Task goal:
The entire listing below is to be written out exactly, minus the pictures.

Data provided:
· · · ·

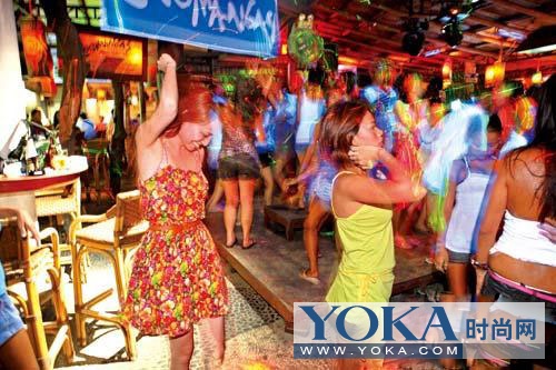由于都是烈性混酒,的确十分厉害,不当心很容易喝趴下。不过估计为了促CocoMan-gas也支持“TeamWork”——三五人合喝一套,喝光了也算成功,无非T恤衫只有一件,名字也只能留一个而已。吧台小姐恪守原则,言明喝一套酒只送一件T恤,想再要?那么再来15杯!第二天把T恤穿出去,觉得好像岛上的游客都是同道中人,起码十分“懂经”,因为人人看见你都会会心地暧昧一笑,摆纹身摊儿的小贩则追着你大加赞美,令人心情大快。
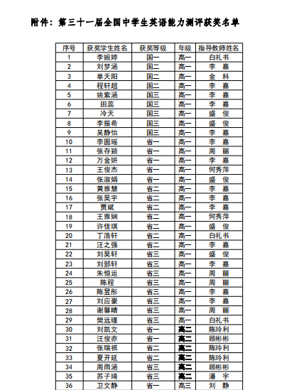 为了调动学生学习英语的积极性,不断提高自己的英语水平。我们积极鼓励学生参加各类英语比赛。本学期,学生参加了"2023年全国中学生英语能力测评大赛"。有9人获得国家奖,30人获得省级奖。其中李婉婷同学获得国家一等奖,全省第四名的好成绩。
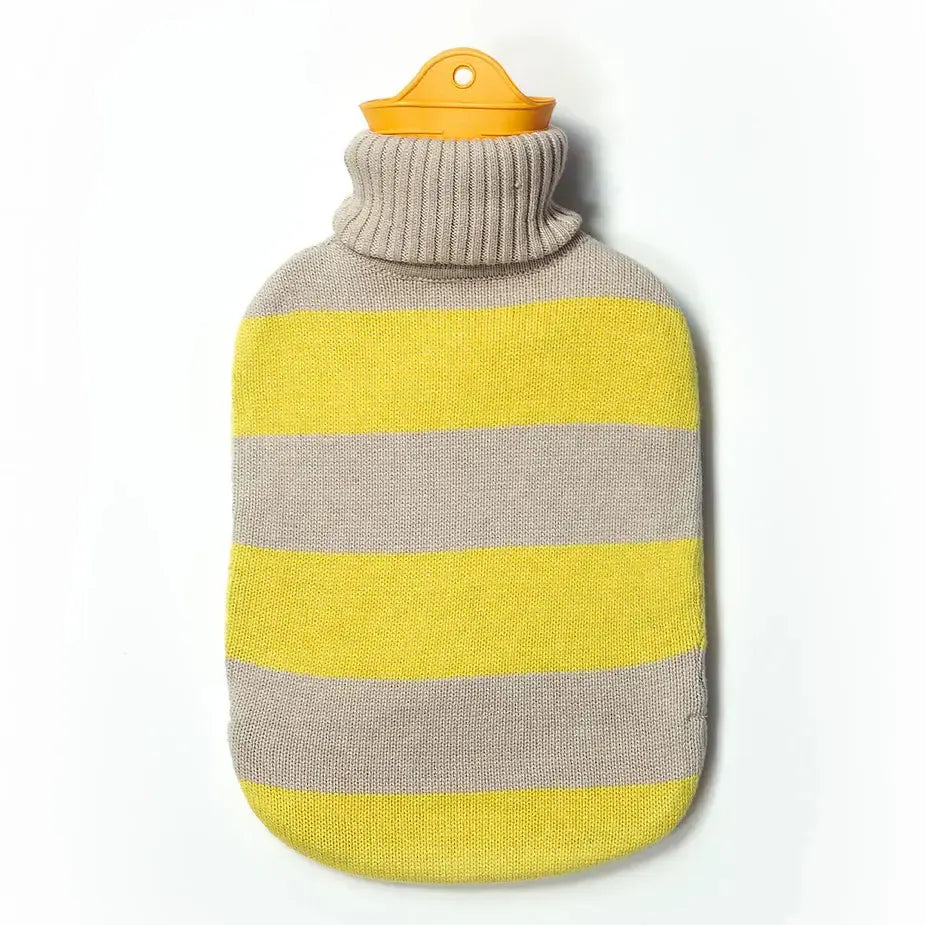 De kruik van natuurlijk latex rubber met gebreid hoesje van biologisch katoen. Het hoesje is heerlijk zacht en kriebelt niet. Met de modieuze kleur samenstellingen past deze kruik niet alleen in bed maar ook op de bank.
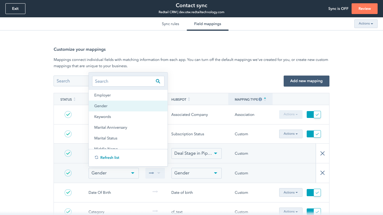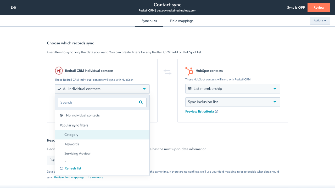 Sync Redtail CRM and HubSpot data

· · · ·

Task response:
由于都是烈性混酒,的确十分厉害,不当心很容易喝趴下。不过估计为了促CocoMan-gas也支持“TeamWork”——三五人合喝一套,喝光了也算成功,无非T恤衫只有一件,名字也只能留一个而已。吧台小姐恪守原则,言明喝一套酒只送一件T恤,想再要?那么再来15杯!第二天把T恤穿出去,觉得好像岛上的游客都是同道中人,起码十分“懂经”,因为人人看见你都会会心地暧昧一笑,摆纹身摊儿的小贩则追着你大加赞美,令人心情大快。
 为了调动学生学习英语的积极性,不断提高自己的英语水平。我们积极鼓励学生参加各类英语比赛。本学期,学生参加了"2023年全国中学生英语能力测评大赛"。有9人获得国家奖,30人获得省级奖。其中李婉婷同学获得国家一等奖,全省第四名的好成绩。
 De kruik van natuurlijk latex rubber met gebreid hoesje van biologisch katoen. Het hoesje is heerlijk zacht en kriebelt niet. Met de modieuze kleur samenstellingen past deze kruik niet alleen in bed maar ook op de bank.
 Sync Redtail CRM and HubSpot data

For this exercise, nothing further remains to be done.